» Task objective:
Within the entries below, output exactly the lines between the line containing "圖為執(zhí)勤人員清理屋頂雜草和塵土" and the line containing "最新云合3.9%排名第十,🥝", inclusive, and omit any picture.

» Task inputs:
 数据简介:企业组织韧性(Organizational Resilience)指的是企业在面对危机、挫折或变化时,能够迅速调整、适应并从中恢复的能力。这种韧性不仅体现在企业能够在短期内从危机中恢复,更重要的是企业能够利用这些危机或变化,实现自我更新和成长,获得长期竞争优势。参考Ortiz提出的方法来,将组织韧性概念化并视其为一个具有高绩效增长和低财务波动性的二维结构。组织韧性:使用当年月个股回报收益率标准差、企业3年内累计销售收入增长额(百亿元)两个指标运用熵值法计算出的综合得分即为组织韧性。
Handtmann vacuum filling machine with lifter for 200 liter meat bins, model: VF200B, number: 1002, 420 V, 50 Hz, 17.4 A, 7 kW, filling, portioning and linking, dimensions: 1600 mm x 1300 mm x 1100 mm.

---

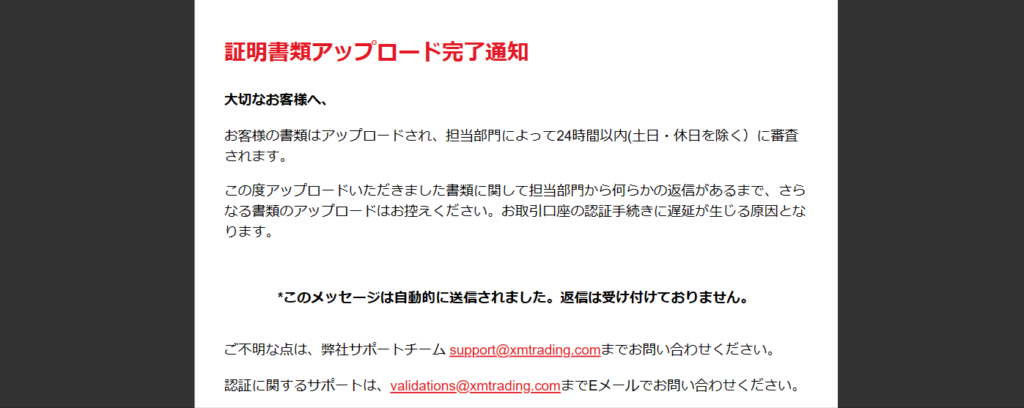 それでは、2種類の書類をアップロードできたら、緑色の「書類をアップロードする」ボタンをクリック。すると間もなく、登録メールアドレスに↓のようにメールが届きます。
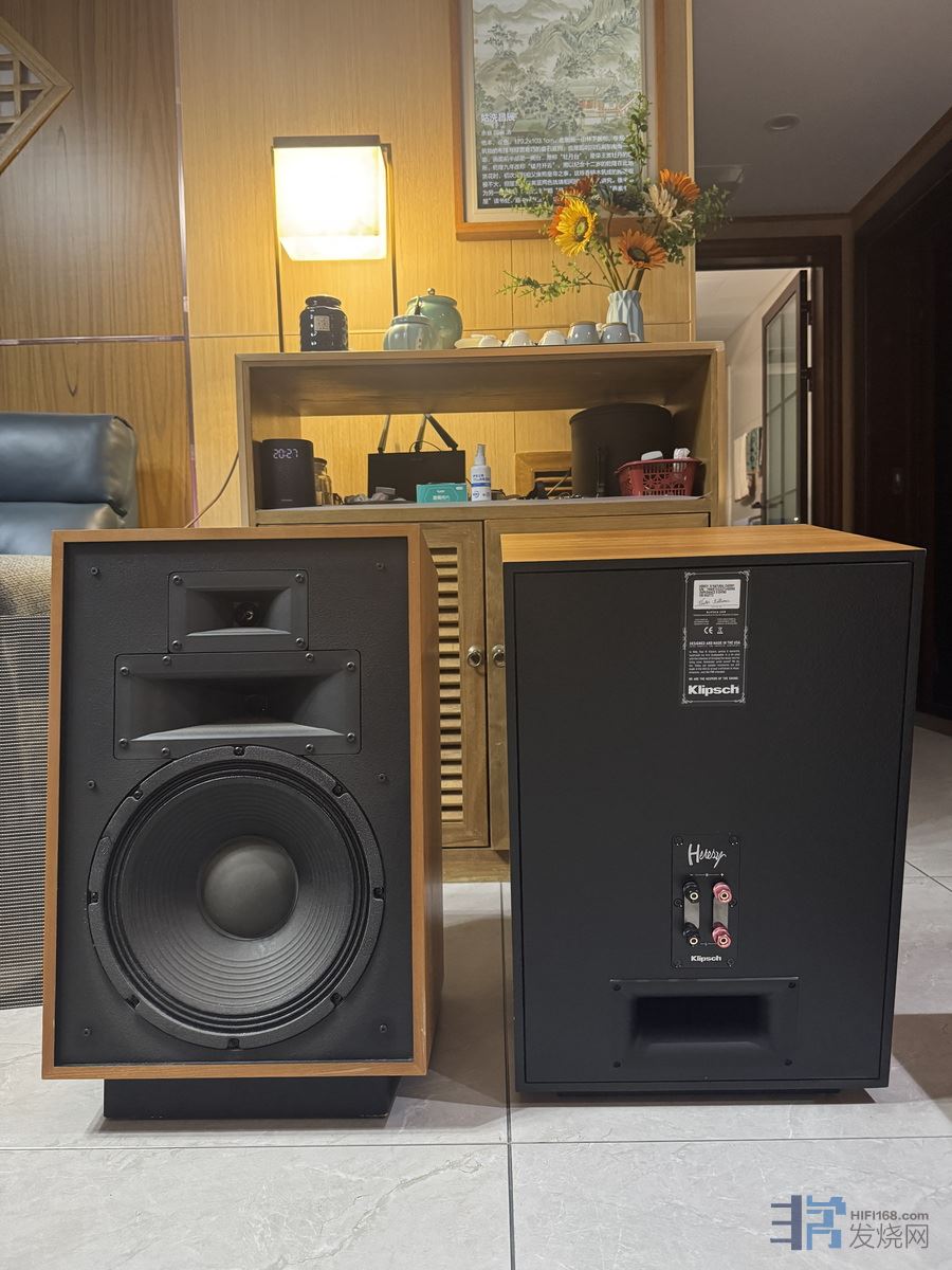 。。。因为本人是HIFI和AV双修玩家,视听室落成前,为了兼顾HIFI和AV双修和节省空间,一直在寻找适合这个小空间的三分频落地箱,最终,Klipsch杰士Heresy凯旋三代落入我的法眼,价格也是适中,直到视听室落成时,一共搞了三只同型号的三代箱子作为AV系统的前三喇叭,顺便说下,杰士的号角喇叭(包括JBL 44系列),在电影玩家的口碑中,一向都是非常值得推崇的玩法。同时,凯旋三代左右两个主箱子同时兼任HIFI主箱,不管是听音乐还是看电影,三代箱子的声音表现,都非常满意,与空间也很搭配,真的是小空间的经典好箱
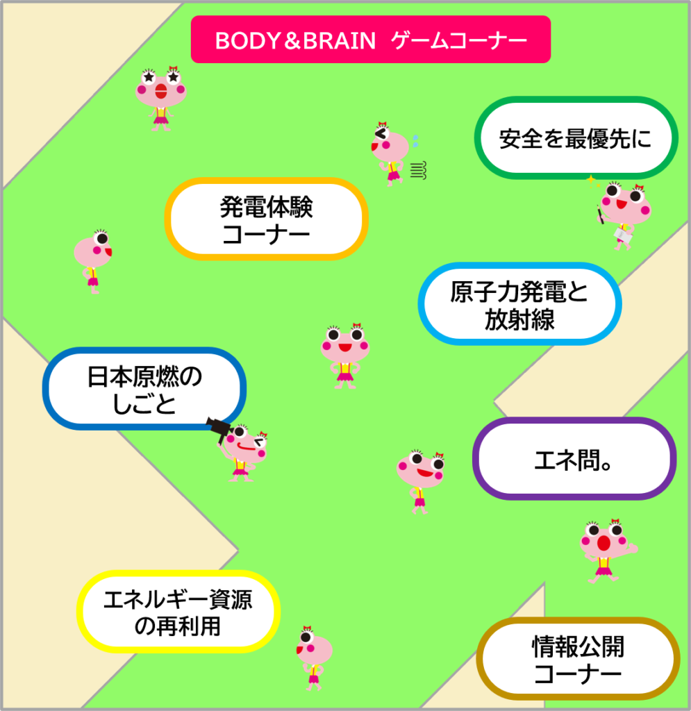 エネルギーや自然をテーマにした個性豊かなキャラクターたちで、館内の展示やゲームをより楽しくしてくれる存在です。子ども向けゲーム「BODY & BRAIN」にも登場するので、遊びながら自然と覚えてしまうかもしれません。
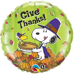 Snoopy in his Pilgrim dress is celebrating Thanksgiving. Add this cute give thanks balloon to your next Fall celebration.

* * *

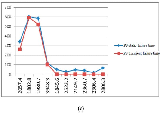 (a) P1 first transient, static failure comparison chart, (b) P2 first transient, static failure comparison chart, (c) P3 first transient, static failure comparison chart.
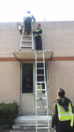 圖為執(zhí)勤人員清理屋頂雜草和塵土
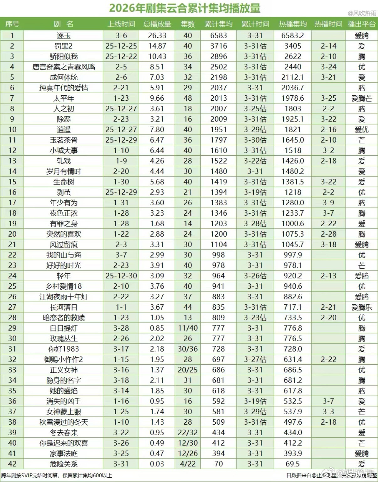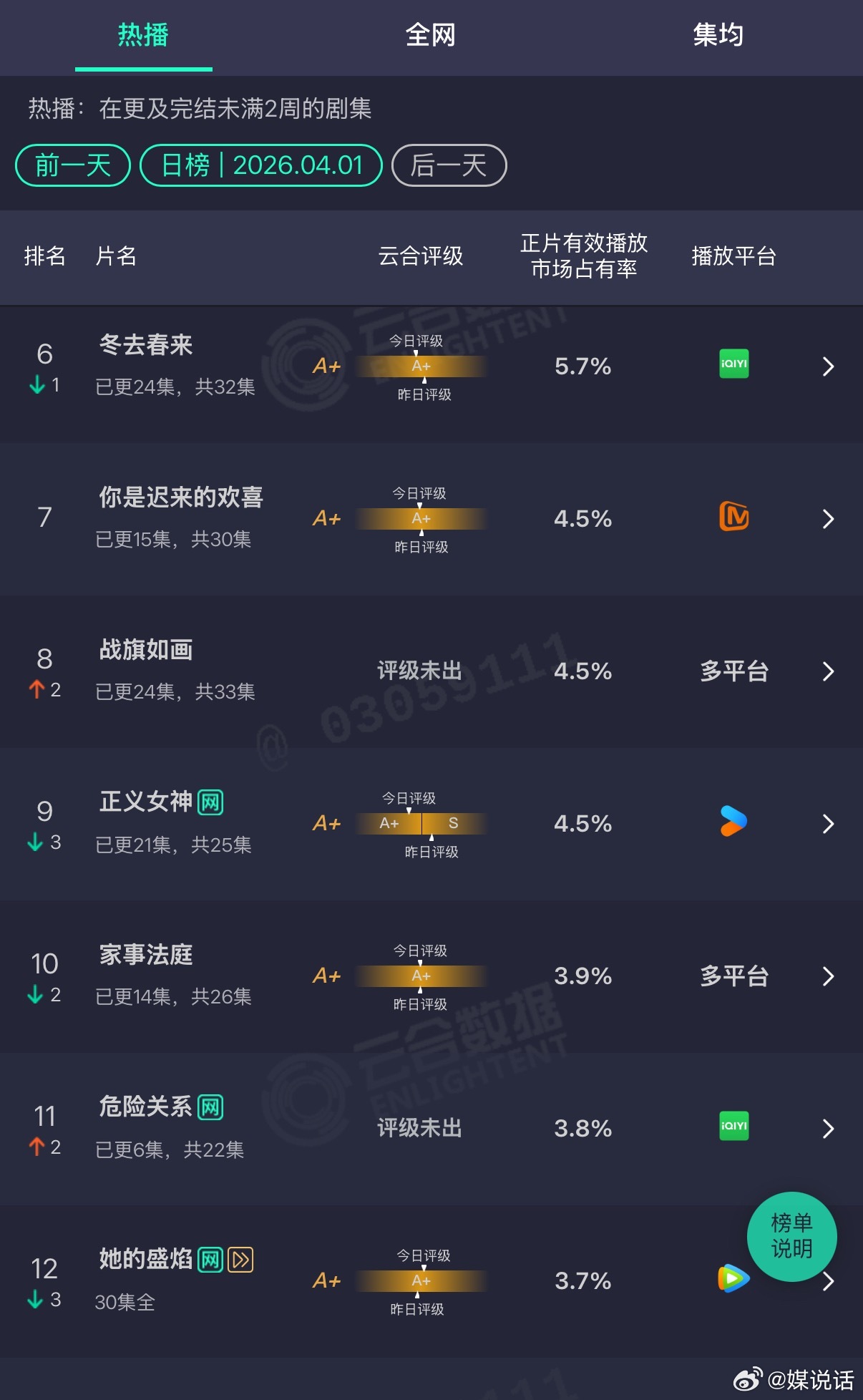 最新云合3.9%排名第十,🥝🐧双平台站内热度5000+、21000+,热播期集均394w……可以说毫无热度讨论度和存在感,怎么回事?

» Exercise result:
 圖為執(zhí)勤人員清理屋頂雜草和塵土
 最新云合3.9%排名第十,🥝🐧双平台站内热度5000+、21000+,热播期集均394w……可以说毫无热度讨论度和存在感,怎么回事?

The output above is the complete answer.